▶ _Your assignment_
Give back, word for word, the lines in the listing below from the one holding "Me — Can you" down to the one holding "记者搜索发现,在京东平台Ki", both ends included.

▶ _Data provided_
· · · · · · ·
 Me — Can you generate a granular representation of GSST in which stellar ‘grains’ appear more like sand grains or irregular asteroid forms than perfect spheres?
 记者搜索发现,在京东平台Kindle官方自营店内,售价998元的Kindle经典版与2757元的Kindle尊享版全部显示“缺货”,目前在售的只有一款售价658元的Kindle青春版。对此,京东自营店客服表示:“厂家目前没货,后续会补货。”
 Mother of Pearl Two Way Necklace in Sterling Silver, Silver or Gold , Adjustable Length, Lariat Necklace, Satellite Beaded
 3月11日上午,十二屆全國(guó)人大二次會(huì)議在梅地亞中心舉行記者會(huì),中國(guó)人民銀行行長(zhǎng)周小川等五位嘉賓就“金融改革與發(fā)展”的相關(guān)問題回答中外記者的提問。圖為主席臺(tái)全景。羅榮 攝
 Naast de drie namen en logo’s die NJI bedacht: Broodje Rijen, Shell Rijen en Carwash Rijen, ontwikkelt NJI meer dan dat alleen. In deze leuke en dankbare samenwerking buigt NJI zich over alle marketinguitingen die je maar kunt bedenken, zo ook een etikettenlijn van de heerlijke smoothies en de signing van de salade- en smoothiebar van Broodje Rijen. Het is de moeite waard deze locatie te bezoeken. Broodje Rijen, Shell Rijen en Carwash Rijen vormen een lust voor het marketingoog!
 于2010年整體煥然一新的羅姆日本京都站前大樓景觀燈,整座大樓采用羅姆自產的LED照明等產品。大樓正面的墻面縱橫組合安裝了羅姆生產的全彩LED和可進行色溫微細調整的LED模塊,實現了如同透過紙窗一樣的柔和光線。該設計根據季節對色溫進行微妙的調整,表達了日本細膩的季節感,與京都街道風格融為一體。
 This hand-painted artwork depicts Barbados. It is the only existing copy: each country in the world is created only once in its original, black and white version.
· · · · · · ·
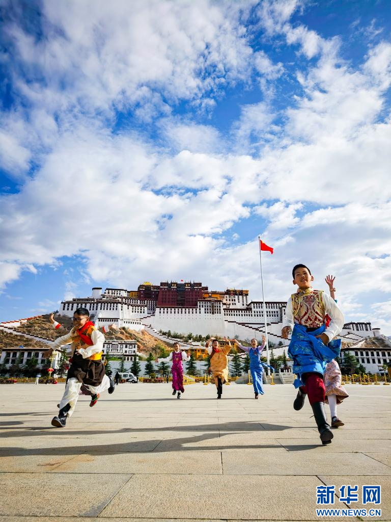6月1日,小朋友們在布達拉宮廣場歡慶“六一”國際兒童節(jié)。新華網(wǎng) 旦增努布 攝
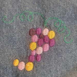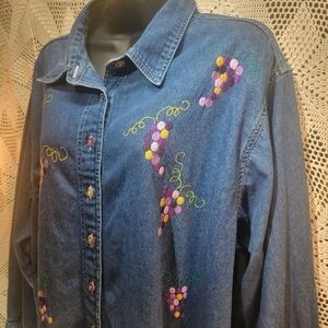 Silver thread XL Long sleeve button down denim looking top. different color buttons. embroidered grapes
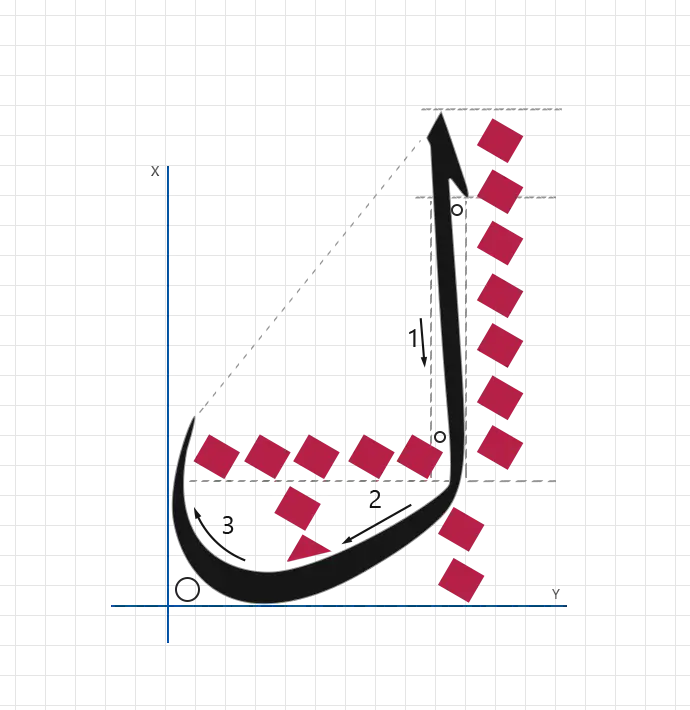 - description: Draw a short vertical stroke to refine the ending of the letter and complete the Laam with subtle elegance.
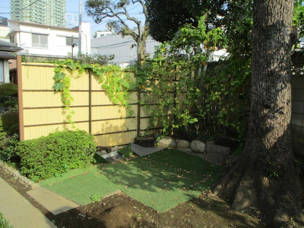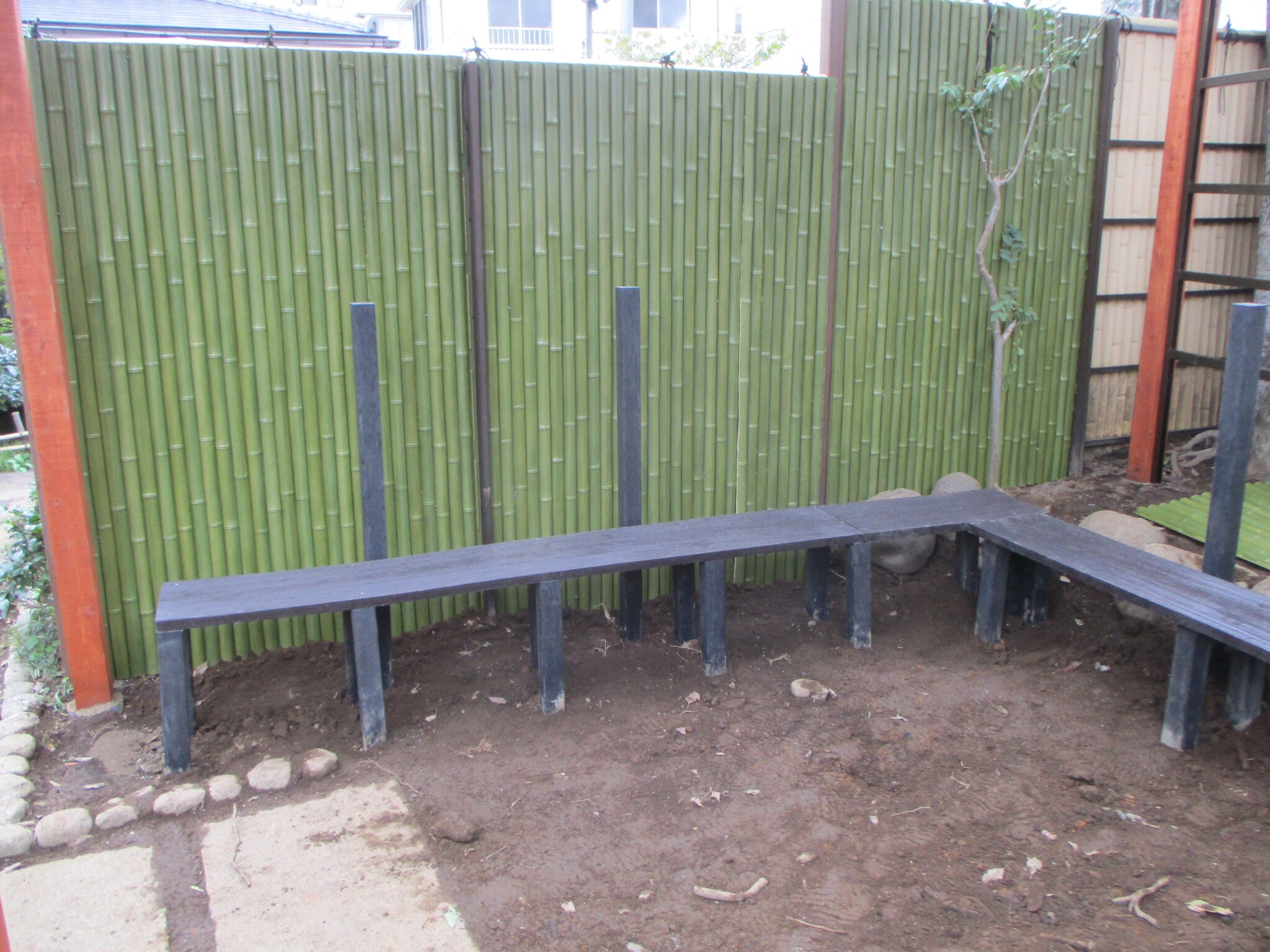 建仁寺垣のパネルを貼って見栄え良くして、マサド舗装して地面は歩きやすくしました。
· · · · · · ·
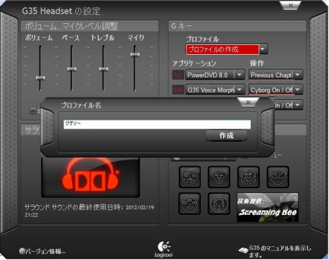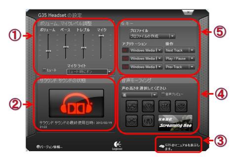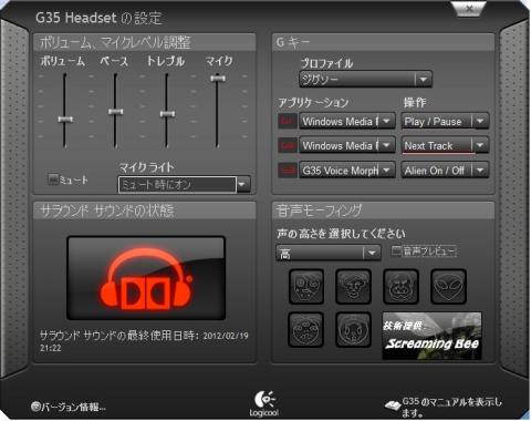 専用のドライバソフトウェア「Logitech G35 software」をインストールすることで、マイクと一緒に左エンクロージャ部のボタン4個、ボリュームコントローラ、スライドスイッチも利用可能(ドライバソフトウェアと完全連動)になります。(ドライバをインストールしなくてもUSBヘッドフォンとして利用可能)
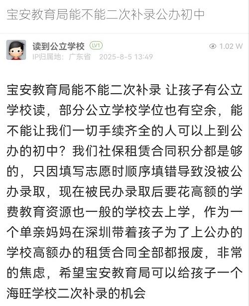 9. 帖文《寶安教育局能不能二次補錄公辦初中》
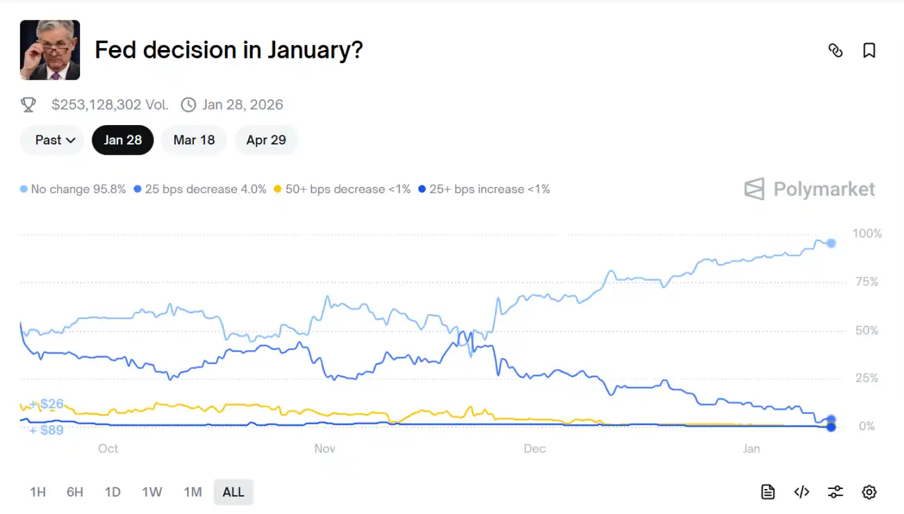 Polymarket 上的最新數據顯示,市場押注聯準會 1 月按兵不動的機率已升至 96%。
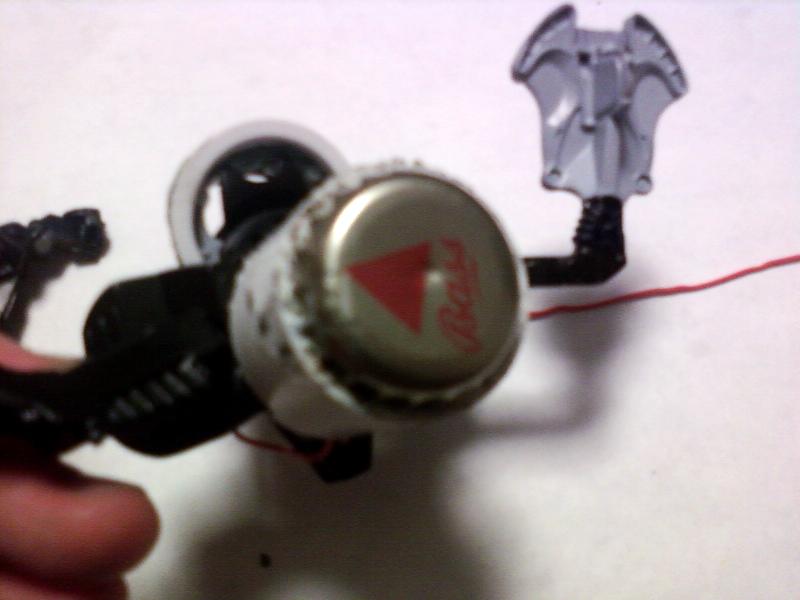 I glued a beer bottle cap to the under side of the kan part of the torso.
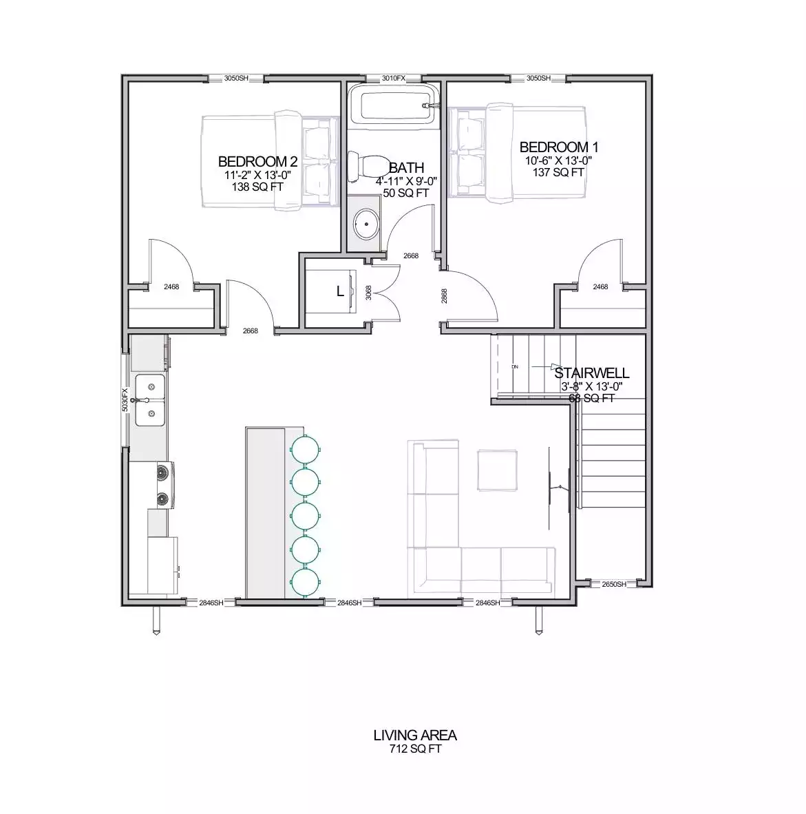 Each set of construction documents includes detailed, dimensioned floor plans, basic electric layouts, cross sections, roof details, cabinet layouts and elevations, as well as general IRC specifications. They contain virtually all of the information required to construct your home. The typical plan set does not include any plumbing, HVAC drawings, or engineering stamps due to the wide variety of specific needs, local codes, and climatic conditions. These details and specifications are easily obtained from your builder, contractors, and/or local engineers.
· · · · · · ·
▶ _Answer space_
 Me — Can you generate a granular representation of GSST in which stellar ‘grains’ appear more like sand grains or irregular asteroid forms than perfect spheres?
 记者搜索发现,在京东平台Kindle官方自营店内,售价998元的Kindle经典版与2757元的Kindle尊享版全部显示“缺货”,目前在售的只有一款售价658元的Kindle青春版。对此,京东自营店客服表示:“厂家目前没货,后续会补货。”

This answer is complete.